Investigating the interplay between RNA structural dynamics and RNA chemical probing experiments.

Small molecule chemical probes that covalently bond atoms of flexible nucleotides are widely employed in RNA structure determination. Atomistic molecular dynamic (MD) simulations recently suggested that RNA-probe binding can be cooperative, leading to measured reactivities that differ from expected trends as probe concentrations are varied. Here, we use selective 2'-hydroxyl acylation analyzed by primer extension (SHAPE), dimethyl sulfate (DMS) chemical probing, and nuclear magnetic resonance (NMR) spectroscopy to explore the relationship between RNA structural dynamics and chemical probe reactivity.

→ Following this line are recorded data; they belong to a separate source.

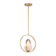 Adjustable rings available in Polished Chrome or Satin Brass add dimension to this contemporary pendant design.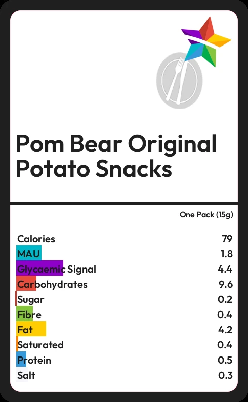 Pom Bear Original Potato Snacks contains 79.2 calories in one Pack (15g).
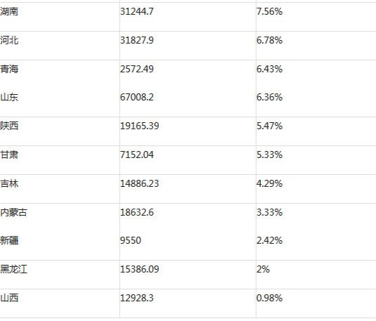 在榜尾,名义增速位居后10位的省份全部位于北方,主要来自东北、华北、西北地区,有5个省份的名义增速低于5%,分别是山西、黑龙江、新疆、内蒙古和吉林。其中山西的名义增速仅为0.98%,黑龙江的名义增速也仅为2%。

Our NMR chemical exchange experiments revealed that SHAPE-reactive base-paired nucleotides exhibit high imino proton exchange rates. Additionally, we find that as the concentration of a probe increases, some nucleotides' modification rates shift unexpectedly. For instance, some base-paired nucleotides that are unreactive at one probe concentration become reactive at another, often corresponding with a shift in the modification rate of the complementary nucleotide. We believe this effect can be harnessed to infer pairing interactions. Lastly, our results suggest that the overmodification of an RNA can impact its conformational dynamics, leading to modulations in the structural ensembles representing the RNA's fold. Our findings suggest an intricate interplay between RNA conformational dynamics and chemical probing reactivity.